**DATASET ENTRIES:**
■ ■ ■ ■ ■ ■ ■

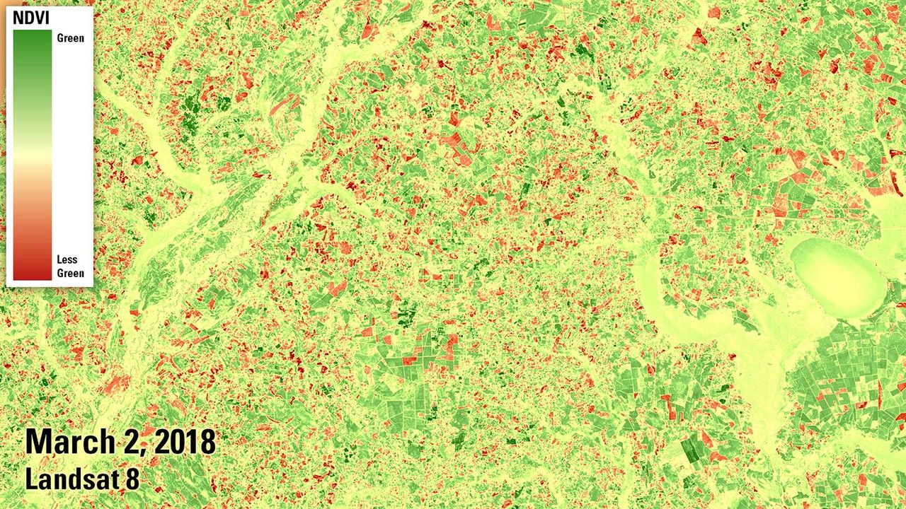 In much of the U.S., spring began unusually early in 2020. These images compare an area near the border of North and South Carolina in early March of 2018 and 2020. In the latter year, the area saw its earliest eruption on record of leaves and flowers. The two images wouldn't look very different in natural color. But in these false-color images, made from both visible and infrared light, springtime vegetation is highlighted with darker and more widespread shades of green. Images taken by the Landsat 8 satellite. Source: U.S. Geological Survey’s National Land Imaging Image Collections
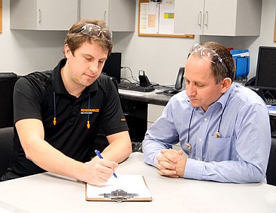Narcis Georgescu, Senior Quality Supervisor at Linex Manufacturing (right) consults with Renishaw applications engineer Brad Linscott. [All photos courtesy Renishaw]
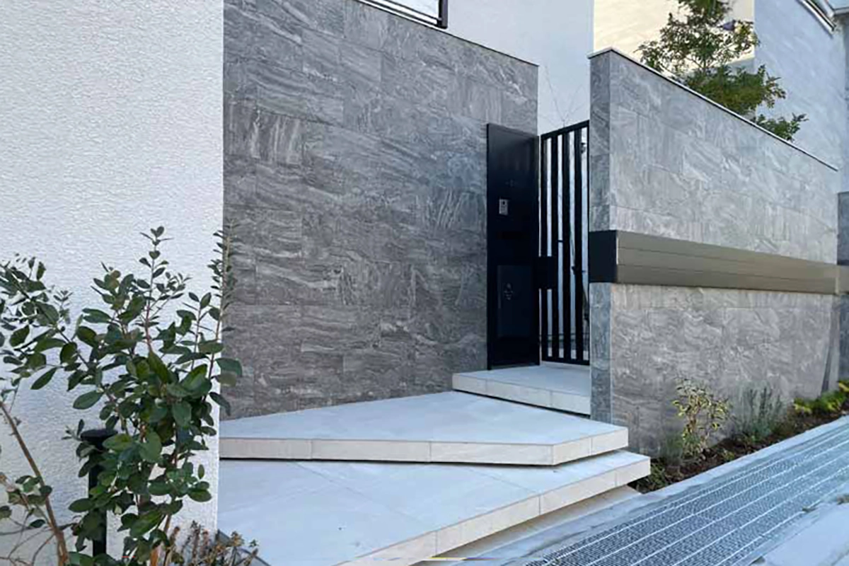 道路から見える袖壁には、300×600角の大理石調タイルを採用。
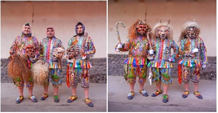 Observemos a los tres danzarines bajo la luz de sus identidades y luego amplificados por la magnitud de las sombras de sus “personajes enmascarados”. Desde estas dos fotos podemos señalizar nuestra mirada a las metamorfosis del cuerpo danzarín; que está siempre en busca de ser un canal capaz de ser habitado por el mundo circundante, sin perder la conexión con el reino inmaterial. Desde lo visible emergen las potencialidades antes ocultas, y cada danzarín, tradicional o contemporáneo, no importa, confrontará temores y convicciones al tratar de mantener viva la llama del danzante investigador.
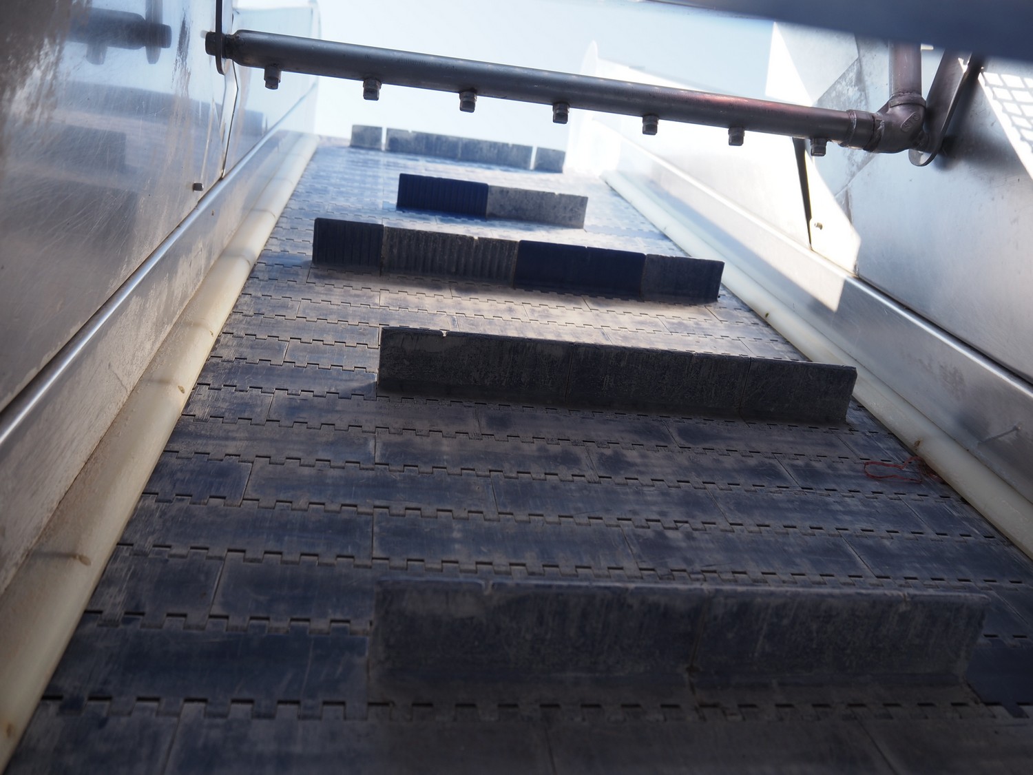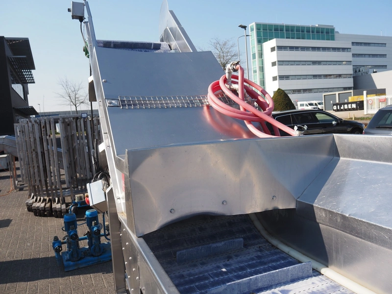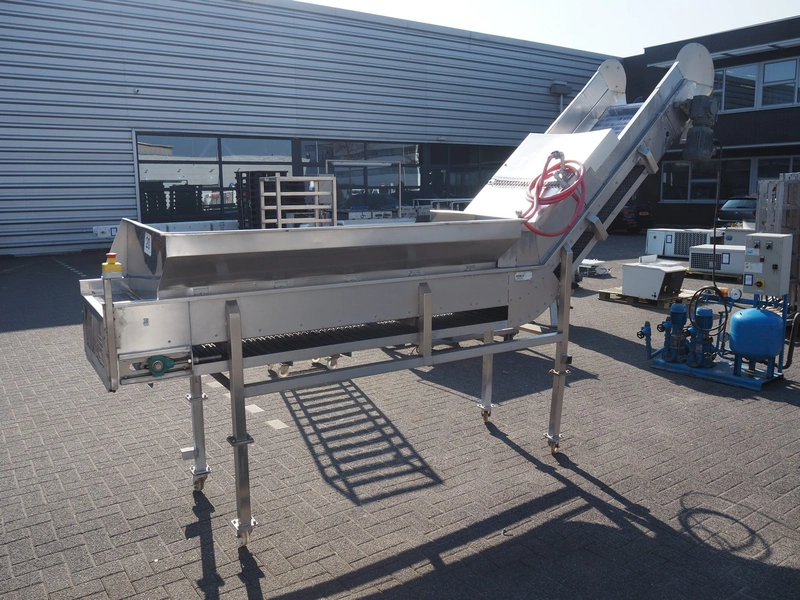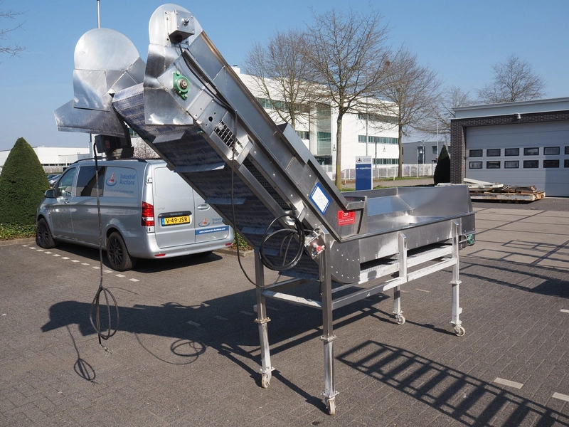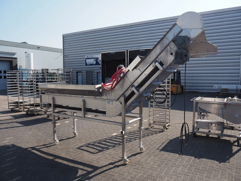 Kemco elevating belt with infeed hopper, plastic belt with dividers, belt width: 600 mm, distance between dividers: 305 mm, divider height: 50 mm, elevating height: 2200 mm, total dimensions: 4150 mm x 950 mm x 2560 mm.

■ ■ ■ ■ ■ ■ ■

**GOAL OF THE EXERCISE:**
Could you repeat, exactly and with nothing else, the lines from the first line of the records through the line containing "Observemos a los"? Leave out the pictures.

**COMPLETED TASK:**
 In much of the U.S., spring began unusually early in 2020. These images compare an area near the border of North and South Carolina in early March of 2018 and 2020. In the latter year, the area saw its earliest eruption on record of leaves and flowers. The two images wouldn't look very different in natural color. But in these false-color images, made from both visible and infrared light, springtime vegetation is highlighted with darker and more widespread shades of green. Images taken by the Landsat 8 satellite. Source: U.S. Geological Survey’s National Land Imaging Image Collections
Narcis Georgescu, Senior Quality Supervisor at Linex Manufacturing (right) consults with Renishaw applications engineer Brad Linscott. [All photos courtesy Renishaw]
 道路から見える袖壁には、300×600角の大理石調タイルを採用。
 Observemos a los tres danzarines bajo la luz de sus identidades y luego amplificados por la magnitud de las sombras de sus “personajes enmascarados”. Desde estas dos fotos podemos señalizar nuestra mirada a las metamorfosis del cuerpo danzarín; que está siempre en busca de ser un canal capaz de ser habitado por el mundo circundante, sin perder la conexión con el reino inmaterial. Desde lo visible emergen las potencialidades antes ocultas, y cada danzarín, tradicional o contemporáneo, no importa, confrontará temores y convicciones al tratar de mantener viva la llama del danzante investigador.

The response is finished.